Aaron Charles Carter (December 7, 1987November 5, 2022) was an American singer and rapper. He came to fame as a teen pop singer in the late 1990s, establishing himself as a star among preteen and teenage audiences during the first years of the 21st century, with his four studio albums.

Carter began performing at age seven, after the formation of his brother Nick's group the Backstreet Boys, and released his self-titled debut album in 1997 at age nine, selling a million copies worldwide. His second album Aaron's Party (Come Get It) (2000) sold three million copies in the United States, and Carter began making guest appearances on Nickelodeon and touring with the Backstreet Boys shortly after the record's release. Carter's next album, Oh Aaron, also went platinum, and in 2002 he released what would be his last studio album in over 15 years, Another Earthquake!, followed by his 2003 Most Requested Hits collection.

Carter appeared on Dancing with the Stars, and in the Broadway musical Seussical and the off-Broadway musical The Fantasticks, and made several one-off performances.

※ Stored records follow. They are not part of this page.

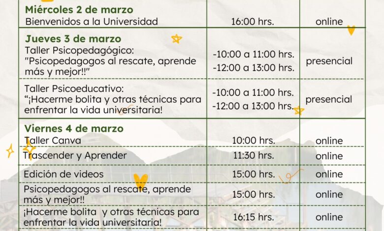 Para este año, la primera actividad planificada se titula “Bienvenidos a la Universidad”, correspondiente a la bienvenida oficial que se llevará a cabo el 2 de marzo de manera online para aquellos estudiantes matriculados en la Sede Valdivia. Posteriormente, las actividades lúdicas y talleres de inducción se realizarán el jueves 3 de marzo en modalidad presencial, si la situación sanitaria lo permite y el 4 de marzo en modalidad virtual. Finalmente, para el 11 de marzo, se efectuará la bienvenida presencial denominada «Sin PACE no hay movilidad».
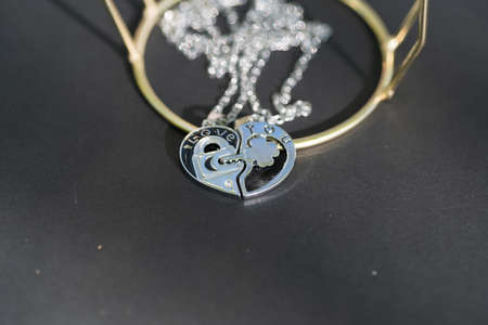 Couple set pendant necklace half of heart shoot outdoors in a sunny day closeup. Selective focus
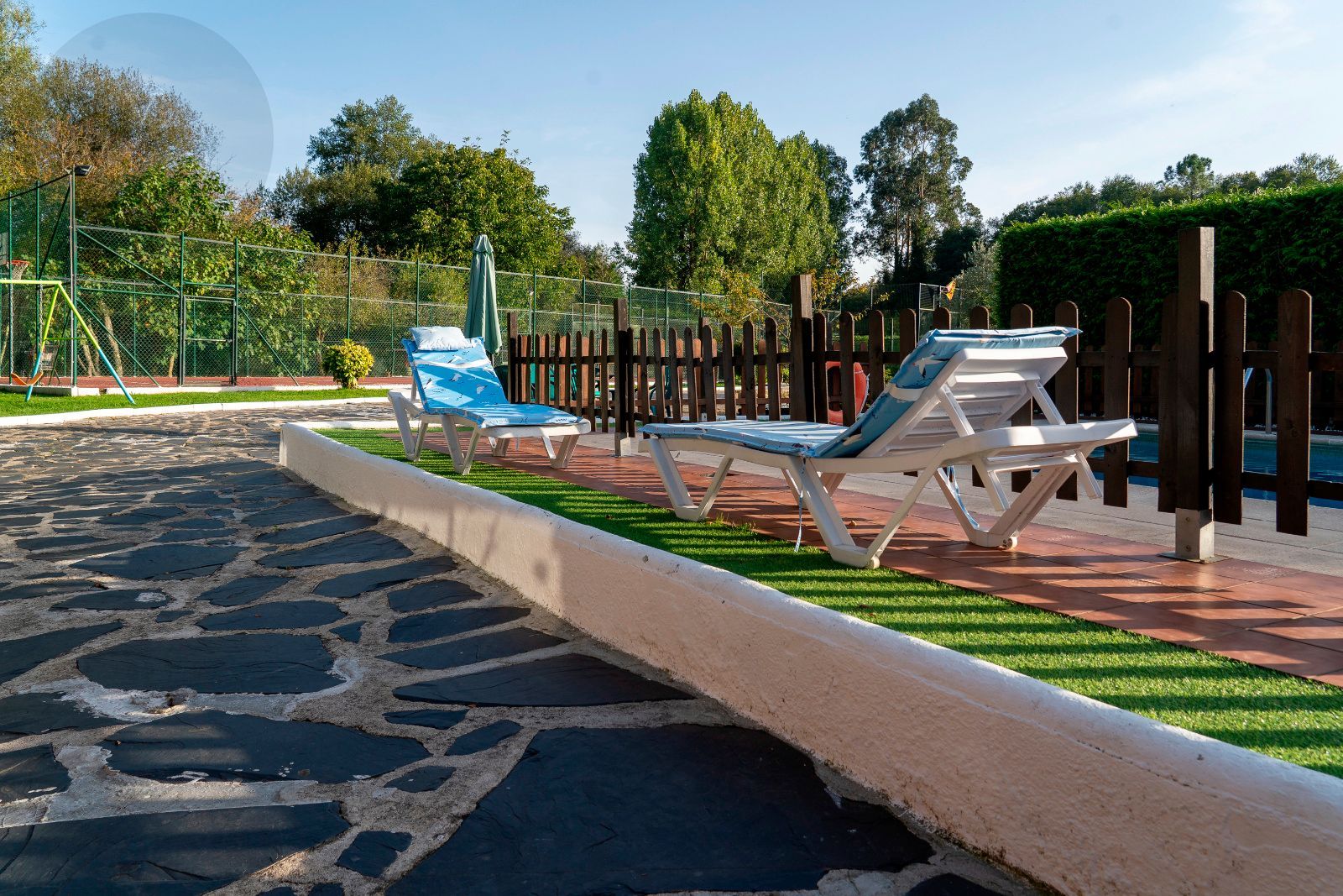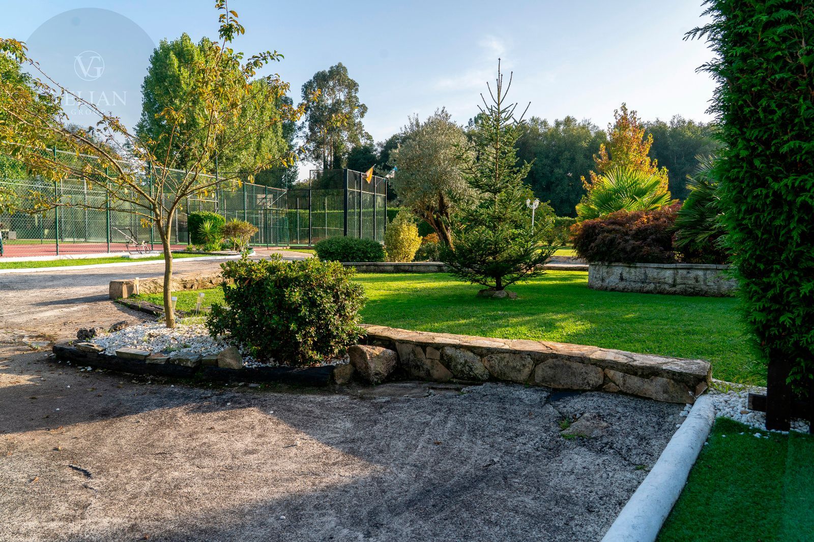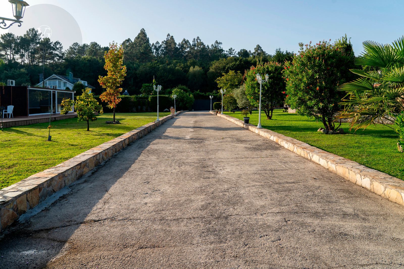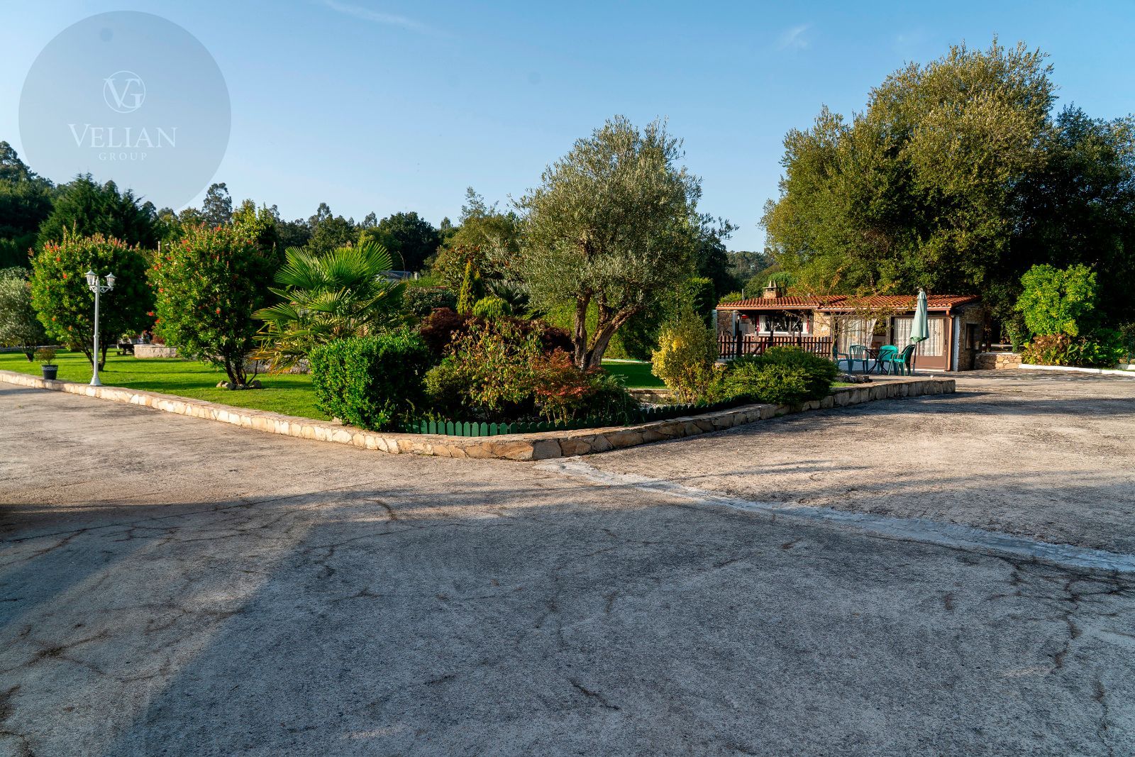 El jardín es uno de los grandes atractivos de Casa Areosa, con césped natural, arbolado, senderos de piedra y un diseño paisajístico que aporta belleza y armonía al conjunto. Todo el entorno ha sido concebido para el descanso, el deporte y la vida al aire libre, en un espacio cerrado que garantiza seguridad y privacidad.
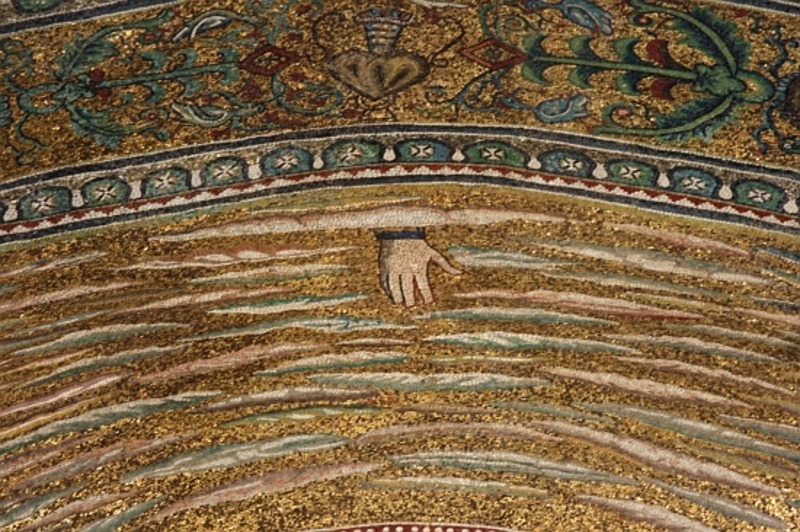 At the bottom of the 6th-century apse mosaic

In 2014, he released a single featuring rapper Pat SoLo, "Ooh Wee". Carter released the single "Fool's Gold" in 2016, and an EP titled Love in 2017. His fifth studio album, also titled Love, was released in 2018. A sixth and final album, Blacklisted, was released two days after his death.

Early life
Aaron Charles Carter was born on December 7, 1987, in Tampa, Florida. His parents, Jane Elizabeth (née Spaulding) and Robert Gene Carter (1952–2017), ran a retirement home. He had an older brother, Nick, a member of the Backstreet Boys, and three sisters: his twin, Angel, a model; Bobbie Jean (BJ); and Leslie (1986–2012). The family was originally from Jamestown, New York. His parents divorced in 2004. Carter was told about the divorce an hour before he filmed his MTV Cribs episode.

Carter attended the Frank D. Miles Elementary School and the Ruskin School in Florida.

Career

1997–1999: Music beginnings and self-titled debut album
Carter began his career as the lead singer of Dead End. He left the band after two years because he wanted to perform pop music, while the other members were interested in alternative rock.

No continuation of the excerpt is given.